*** Opening of Dataset ***
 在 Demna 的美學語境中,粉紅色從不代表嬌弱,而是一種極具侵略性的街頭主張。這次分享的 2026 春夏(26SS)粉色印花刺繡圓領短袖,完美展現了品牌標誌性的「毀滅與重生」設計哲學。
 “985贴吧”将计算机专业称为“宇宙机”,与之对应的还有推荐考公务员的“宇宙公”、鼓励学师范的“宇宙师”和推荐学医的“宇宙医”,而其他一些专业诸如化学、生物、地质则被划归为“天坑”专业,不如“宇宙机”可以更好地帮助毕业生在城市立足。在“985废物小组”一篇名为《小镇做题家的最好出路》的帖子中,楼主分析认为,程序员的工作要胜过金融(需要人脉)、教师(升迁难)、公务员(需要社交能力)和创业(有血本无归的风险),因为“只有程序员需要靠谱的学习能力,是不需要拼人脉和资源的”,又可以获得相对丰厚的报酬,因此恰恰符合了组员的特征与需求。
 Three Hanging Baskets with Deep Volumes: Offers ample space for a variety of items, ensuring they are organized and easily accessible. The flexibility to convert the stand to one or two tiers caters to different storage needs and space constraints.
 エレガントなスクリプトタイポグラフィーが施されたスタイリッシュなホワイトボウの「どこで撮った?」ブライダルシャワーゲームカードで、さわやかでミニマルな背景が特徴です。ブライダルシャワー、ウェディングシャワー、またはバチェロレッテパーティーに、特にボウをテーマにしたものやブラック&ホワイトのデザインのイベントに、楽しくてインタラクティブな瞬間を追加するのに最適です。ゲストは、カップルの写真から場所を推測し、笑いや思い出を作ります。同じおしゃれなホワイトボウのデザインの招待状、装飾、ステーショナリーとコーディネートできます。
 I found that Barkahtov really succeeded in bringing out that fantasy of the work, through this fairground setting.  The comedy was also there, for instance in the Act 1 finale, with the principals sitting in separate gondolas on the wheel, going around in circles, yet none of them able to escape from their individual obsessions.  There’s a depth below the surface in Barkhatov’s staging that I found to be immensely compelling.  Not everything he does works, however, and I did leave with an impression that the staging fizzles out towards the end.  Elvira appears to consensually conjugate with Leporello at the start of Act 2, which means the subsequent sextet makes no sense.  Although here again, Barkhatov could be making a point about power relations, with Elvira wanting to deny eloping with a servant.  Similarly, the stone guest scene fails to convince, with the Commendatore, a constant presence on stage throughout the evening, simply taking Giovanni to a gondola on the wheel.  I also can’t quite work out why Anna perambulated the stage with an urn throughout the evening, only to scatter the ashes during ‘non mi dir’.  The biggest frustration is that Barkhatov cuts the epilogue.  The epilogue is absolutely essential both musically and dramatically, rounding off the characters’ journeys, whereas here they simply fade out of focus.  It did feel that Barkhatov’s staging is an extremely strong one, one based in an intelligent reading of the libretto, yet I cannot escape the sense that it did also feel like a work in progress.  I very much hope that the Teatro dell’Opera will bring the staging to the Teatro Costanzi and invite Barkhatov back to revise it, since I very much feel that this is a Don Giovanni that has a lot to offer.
*** Close of Dataset ***
*** Opening of Dataset ***
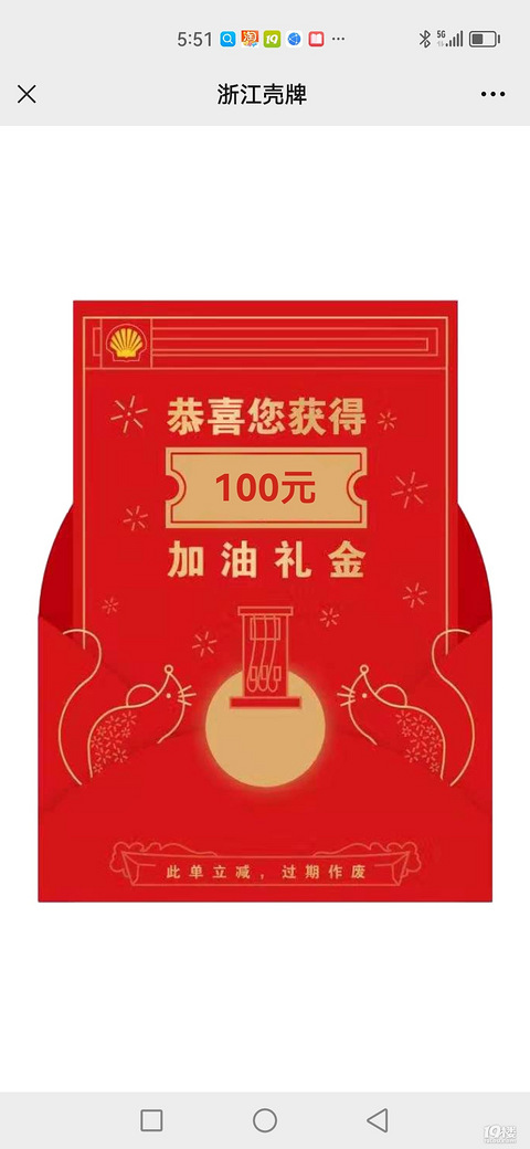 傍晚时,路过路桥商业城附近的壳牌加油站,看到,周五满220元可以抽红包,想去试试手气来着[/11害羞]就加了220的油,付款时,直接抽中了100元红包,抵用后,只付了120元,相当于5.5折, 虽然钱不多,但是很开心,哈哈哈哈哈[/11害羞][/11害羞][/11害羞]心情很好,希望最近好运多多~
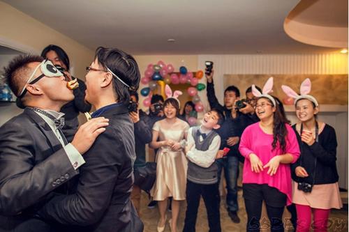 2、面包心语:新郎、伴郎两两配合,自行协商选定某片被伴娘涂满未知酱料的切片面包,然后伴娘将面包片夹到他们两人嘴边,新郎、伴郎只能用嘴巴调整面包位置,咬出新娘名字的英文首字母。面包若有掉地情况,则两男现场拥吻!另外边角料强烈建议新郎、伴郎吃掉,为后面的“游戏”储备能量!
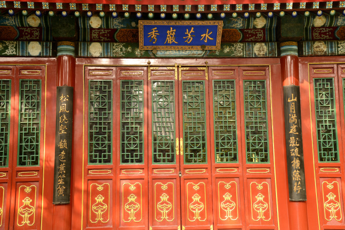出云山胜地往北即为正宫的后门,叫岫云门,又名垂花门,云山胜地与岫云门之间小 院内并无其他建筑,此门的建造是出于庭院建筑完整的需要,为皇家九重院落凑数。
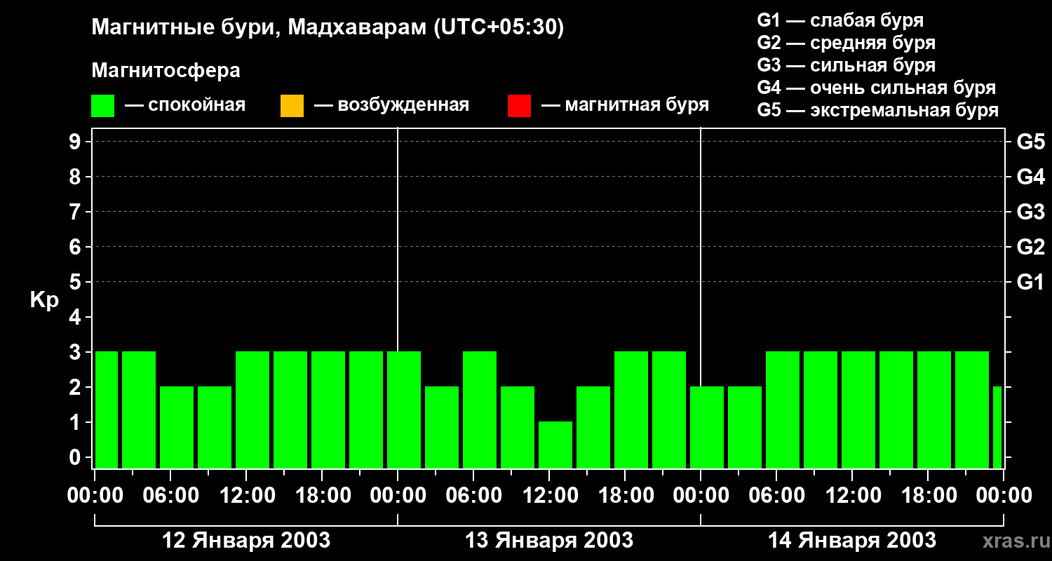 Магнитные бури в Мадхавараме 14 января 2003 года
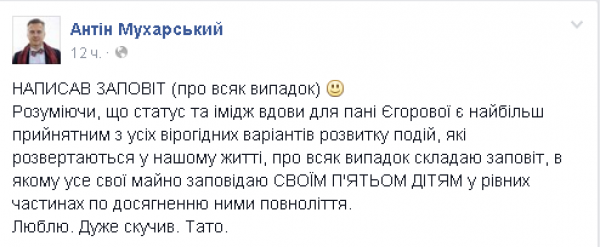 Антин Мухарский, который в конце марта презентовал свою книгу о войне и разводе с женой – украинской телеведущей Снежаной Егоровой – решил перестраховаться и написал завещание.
*** Close of Dataset ***
- _What you need to do_
In the material above, one part opens with the line containing "2、面包心语:新郎、伴郎两两" and closes with the line containing "Антин Мухарский, который". Write out that part exactly and skip its pictures.

- _Finished exercise_
 2、面包心语:新郎、伴郎两两配合,自行协商选定某片被伴娘涂满未知酱料的切片面包,然后伴娘将面包片夹到他们两人嘴边,新郎、伴郎只能用嘴巴调整面包位置,咬出新娘名字的英文首字母。面包若有掉地情况,则两男现场拥吻!另外边角料强烈建议新郎、伴郎吃掉,为后面的“游戏”储备能量!
出云山胜地往北即为正宫的后门,叫岫云门,又名垂花门,云山胜地与岫云门之间小 院内并无其他建筑,此门的建造是出于庭院建筑完整的需要,为皇家九重院落凑数。
 Магнитные бури в Мадхавараме 14 января 2003 года
 Антин Мухарский, который в конце марта презентовал свою книгу о войне и разводе с женой – украинской телеведущей Снежаной Егоровой – решил перестраховаться и написал завещание.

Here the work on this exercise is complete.